– По-моему, нормально, – одобрил Дука. – Надо бы только постричься, побриться, а то вон как зарос, да еще хорошее пальто – и ты в полном порядке.
Когда, посетив парикмахерскую и примерив только что купленное светло-серое теплое пальто, Каролино погляделся в зеркало, то не узнал своего отражения. Даже руки, обработанные хорошенькой маникюршей, были словно чужие. Он посмотрел на полицейского, на его девушку и опустил глаза.
В тот день полицейский повел его в кино. На следующий – повез в пригородный ресторан на берегу небольшого озера, которое едва виднелось в тумане. И везде с ними ездила та девушка, то ли невеста полицейского, то ли его помощница – он так толком и не понял. Оба были с ним очень любезны, не мучили расспросами, ни на что не скупились: ни на еду, ни на сигареты, – и совсем за ним не следили, впрочем, может, ему только так казалось, может, они умели это делать незаметно. Желание сбежать донимало его хуже, чем паразиты в Беккарии, но он был неглупый парень и потому выжидал. Быть того не может, чтобы полицейский забрал его из колонии просто так и теперь задаром кормит, одевает и развлекает. Что-то в этом полицейском ему нравилось, хотя он терпеть не мог полицейских и их прихвостней. Это «что-то» заключалось в том, что он обращался с ним не как с уголовником. В ту ночь на допросе он был суров, но даже ни одной оплеухи не отвесил. А сейчас рядом с ним Каролино чувствовал себя нормальным человеком, одним из тех, кто никогда не имел дела с полицией. Возможностей сбежать у него было хоть отбавляй – и утром, и вечером, и даже ночью: достаточно открыть окно, квартира на втором этаже, а ему случалось прыгать и с третьего.

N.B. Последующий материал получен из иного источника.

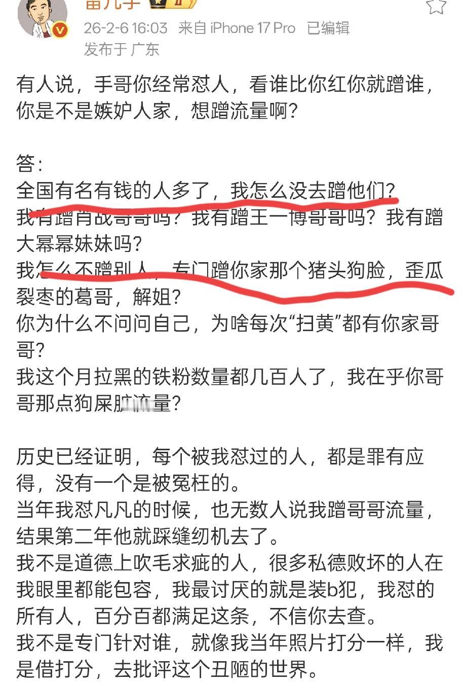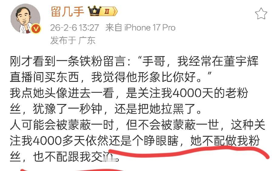 不愧是我关注了好多年的网红,在面对丈母娘的攻击时,丝毫不怯,战斗力爆表! 董宇辉也是个欺软怕硬的主! 我等小博主发一点他的不好,过几天就给你投诉掉了。 面对手哥这种体量的网红,他却连回应都不敢。 再次选择了让丈母娘 们冲锋陷阵,替他卖力。 但是,手哥可不是俞敏洪,他也是初代大网红,怼人的功力一流,还不会喷脏骂 娘。 丈母娘遇到他,讨不到一点好处。 [笑哭]

На пятый день девушка вышла из машины за покупками, и полицейский начал задавать ему вопросы. В машине было тепло, а снаружи, за окнами, проплывали в тумане посиневшие лица прохожих.
– Ты был когда-нибудь в Швейцарии?
– Нет.
– А кто-нибудь из твоих друзей?
– Не знаю.
– А не знаешь, кто из вас в тот вечер, когда вы убили учительницу, потерял швейцарскую монету в полфранка?
– Нет, не знаю.
Дука начал допрашивать его так внезапно, видимо надеясь захватить врасплох. Да, видимо, так оно и было, но таких парней нельзя захватить врасплох, и ответы Каролино это доказали. Духа не потерял терпения, потому что потерял его уже давно.* Он уже столько раз его терял, что больше не мог себе этого позволить.
– Ладно, ты ничего не знаешь. А вот я кое-что про тебя знаю. Ты уже пятый день со мной, хорошо одет, нормально питаешься, почти свободен, все у тебя есть. Но еще через пять дней ты вернешься обратно в Беккарию, и я тебе совсем не завидую. Если бы ты мне помог, я бы тебя избавил от возвращения в Бгккарию. Есть люди, которые готовы за тебя поручиться и найти тебе хорошую работу. Зажил бы припеваючи, вместо того чтоб чалиться в Беккарии. Словом, у тебя еще пять дней на размышление. Обычно я советов не даю, даже таким ребятишкам, как ты, но на этот раз изменю своим правилам. Помоги нам поймать эту скотину, которая устроила бойню в школе, и ты станешь человеком, а не уголовником. Пока можешь не отвечать, подумай хорошенько.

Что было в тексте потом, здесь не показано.